Z Feliksem Zandmanem mam dużo wspólnego, łączą nas – jak braci – podobne przeżycia. Ja również – tak jak Feliks Zandman – należę do tych cudów, do małej grupy ocalałych. Mój los jest podobny do jego historii. 7 miesięcy przesiedziałem wewnątrz podwójnej ściany, 20 miesięcy w piwnicy, wiem, co to znaczy wilgoć, wiem, co to znaczy strach.
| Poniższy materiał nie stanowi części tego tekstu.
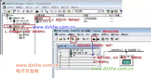 將工程師站的程序下載到PLC中去執行。分為硬件的編譯和下載以及程序的下載兩部分。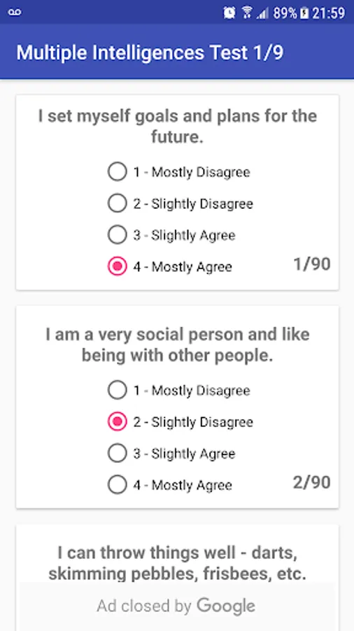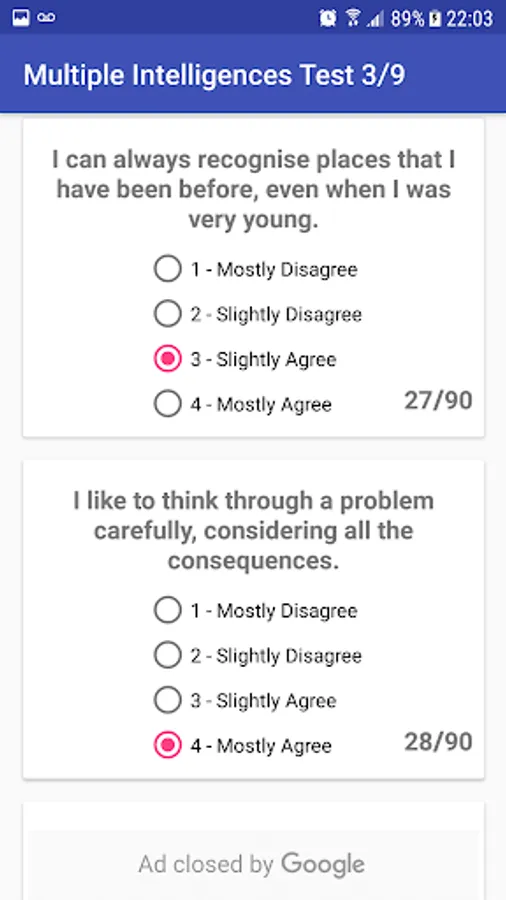 Multiple Intelligence Test based on Howard Gardner's theory.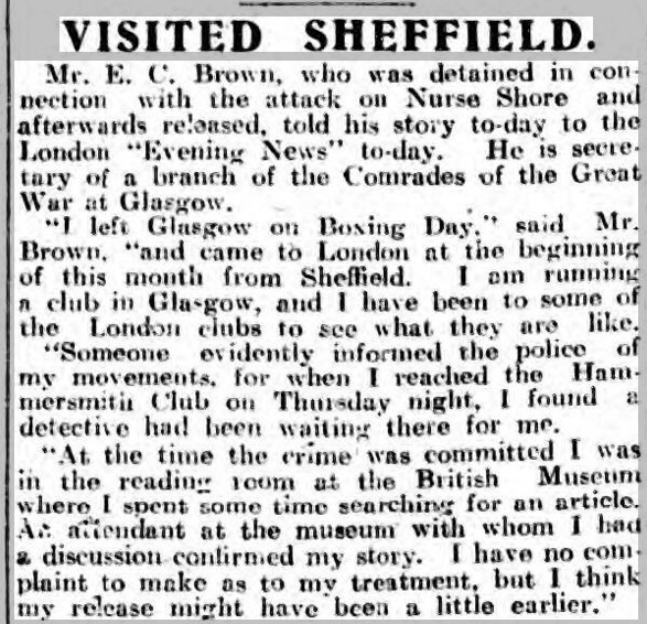 The final irony is that it was the Reading Room at the British Library that proved so central to Ernest Brown’s alibi. The room’s status in all manner of spy capers is legendary and his story regarding his alibi is confused to say the least. In the Canton Daily News article of 1926, Brown tells F. Gregory Hartswick that he was cleared of any involvement in the Shore Nightingale murder as a result of a time stamp on a Reading Room permit stub. However, in an interview he gives to the Sunday Post dated January 18th 1920, Brown claims he had been released solely on the word of a Reading Room attendant, who had some vague recollection of Brown visiting the room that week. Brown states unequivocally that the stub he had retained from his reading room session had NOT been dated (Mr Brown’s Alibi, Sunday Post, 18 January 1920, p.2). Sadly, Brown was released from custody on the very day that Shore succumbed to her injuries. Any chance of a positive ID from the victim was gone. Florence had died without regaining consciousness.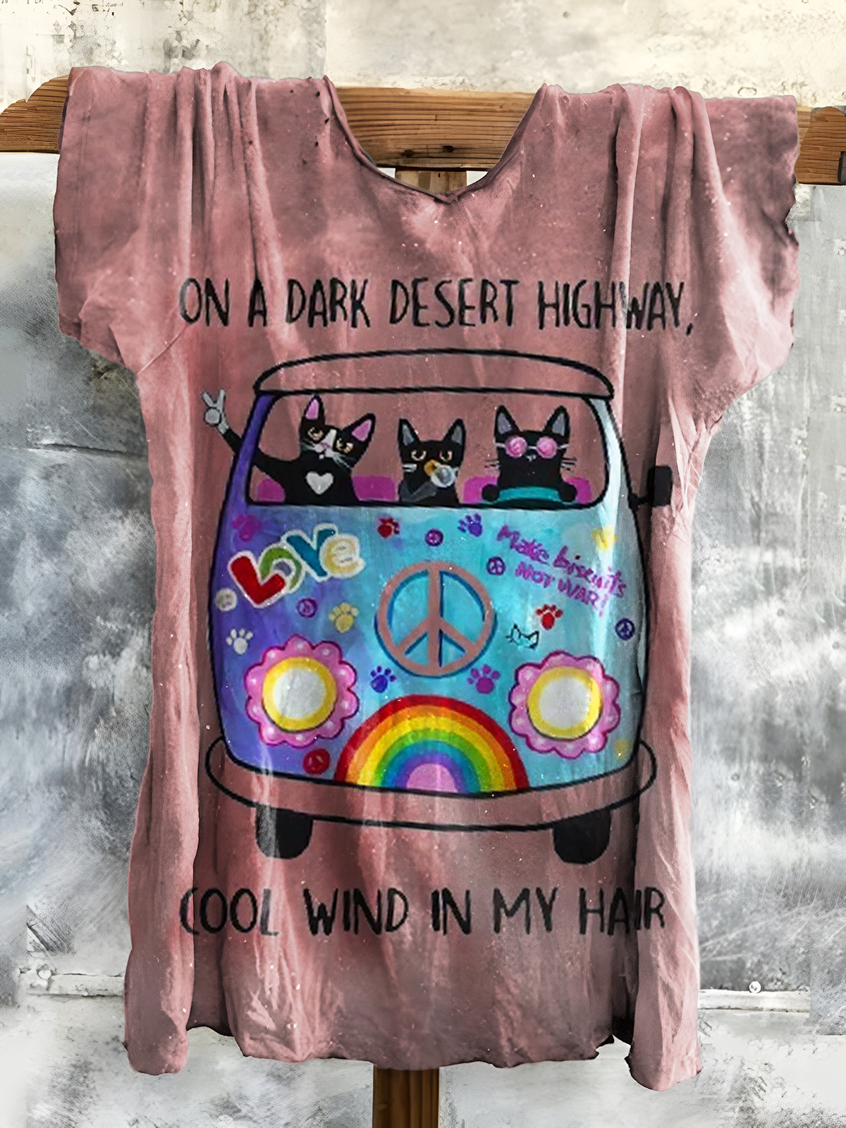 Women's Cats In The Peace Car Hippie Graphic Print Cotton Crew Tee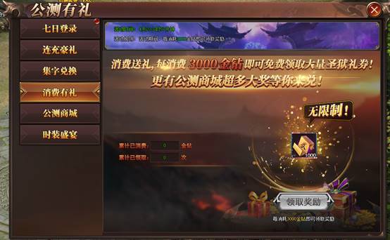 4. 消费有礼:活动期间,每消费3000金钻即可免费领取大量圣狱礼券,使用礼券可在公测商城兑换大奖。

Wiem również, jak ważna była w takich warunkach pomoc ludzi z zewnątrz. Stosunki między Polakami i Żydami nie zawsze układały się dobrze, ale Żydzi mieszkali na ziemiach Polski prawie 1000 lat. Żyliśmy razem, żyliśmy obok siebie. Sprawiedliwi wśród Narodów Świata będą wiecznym mostem między narodami żydowskim i polskim.
Szewach Weiss
Prezes Instytutu Jad Waszem
były Przewodniczący Knesetu Ambasador Izraela w Polsce w latach 2000 – 2004
Życie Feliksa Zandmana było niezwykłe, a jednocześnie typowe. Jak miliony innych Żydów przeszedł piekło Holokaustu. Jako jeden z nielicznych wyszedł z niego cało. Potem zrobił olśniewającą karierę naukową i biznesową we Francji i w Stanach Zjednoczoncyh, cały czas pozostając patriotą Izraela. Karierę zawdzięcza swym zdolnościom, pracy, a także solidarności tych, którzy przeszli przez Holokaust. Biznes i martyrologia, zysk i ideały, praca i pamięć o wymordowanych – te zzestawienia mogą dziwić polskiego czytelnika. Gdy zdziwienie mija, lepiej rozumiemy emocje Żydów – naszych dawnych, mało znanych sąsiadów, których większość została wymordowana, część wyemigrowała, a niektórzy zrobili olśniewające kariery.